Line 6. The phrase “my own cell” establishes that the story is to be told from the viewpoint of a first-person narrator. Again, the professional writer does not wait to establish such things.
Lines 10–17. Note the use of sense-appealing concrete details. Nothing abstract here: “shouted” command, “volley of rifle fire,” the “steady beat” of the drum. A few carefully selected words set up the harsh story world in a strong physical sense. And by the end of the short paragraph we know where the setting is, what it is called, how it is set up, and how the viewpoint narrator fits in.
Lines 18–21. We learn how long the narrator has been there, and the fact that some prisoners wait years for a trial. Although there has been no sign of an opening change to jar the story into forward motion, even the situation prior to the change is threatening in the extreme.
Lines 31–32. “… when everything changed.” (Italics supplied here.)
This excerpt gives a professional novelist a thrill of delight. It seems perfect. It starts with a colorful situation that is already ghastly for the central character, who is introduced at once. Threat is established in the opening lines. Then a change comes—and the story must start moving forward at once.
EXCERPT 2
The opening of chapter 1 of Dropshot, by Jack M. Bickham. Tor Books, © 1990 by Jack M. Bickham.
Commentary
I hope the reader will forgive me for using some excerpts from my own published work. It’s done not out of a desire for ego-gratification, but as a convenience: I know my own work, and can recall my intentions at the time I produced it; thus it’s to be hoped that my commentary will make sense.

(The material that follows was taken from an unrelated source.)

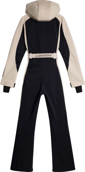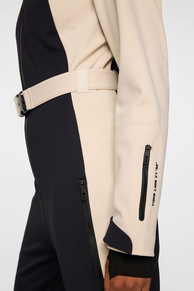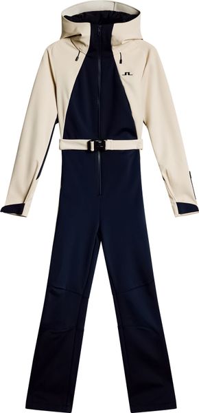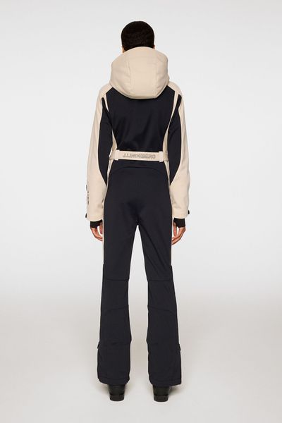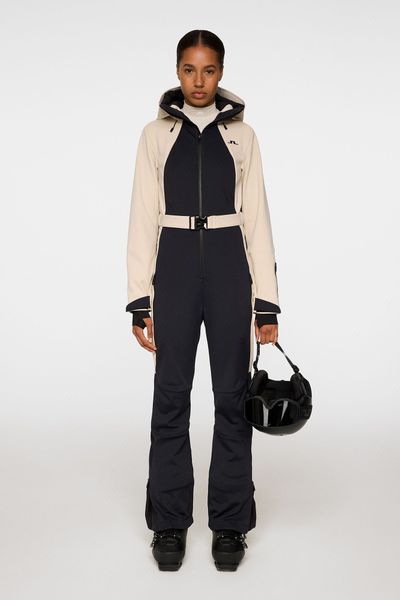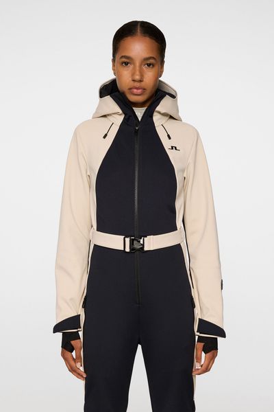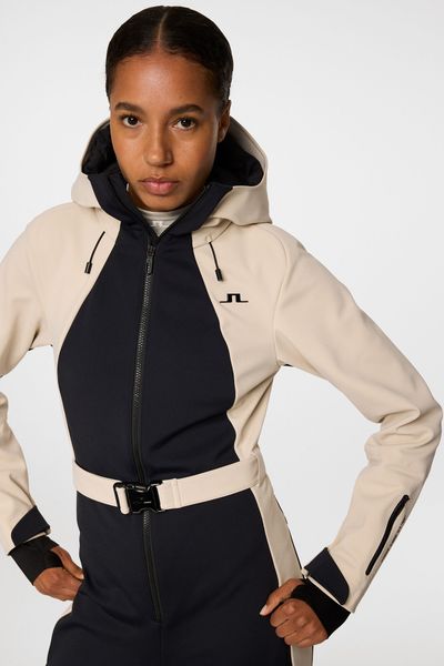 "A piece for every occasion. The Jacki snowsuit has an ergonomic fit, a tight waist and is equipped with 4-wege-stretch. Quilted knees and snow gaiters ensure optimum performance, while the two zippers at the front and the J.Lindeberg-logo waistband ensure a great style. The model is 177 cm tall and wears size Su00f6u00dfe."

Lines 2–3. The change is specified at once, with no delay of any kind: the arrival of a letter. The time and place of opening are also set up in the first dozen words.
Lines 3–6. Concrete, physical details are designed to establish the setting not in the abstract, but at the gut level of physical sensing.
Line 8. A second “hook” for the reader. (“What does he mean, he’s crazy? Why is he crazy?”) A change—in the form of a letter—has already come, although we don’t know its contents as yet. But as in the Higgins excerpt previously examined, the change hits a character already in an abnormal, threatened state.
The moral (again): Stories start with change. And in today’s world they do not start subtly or slowly.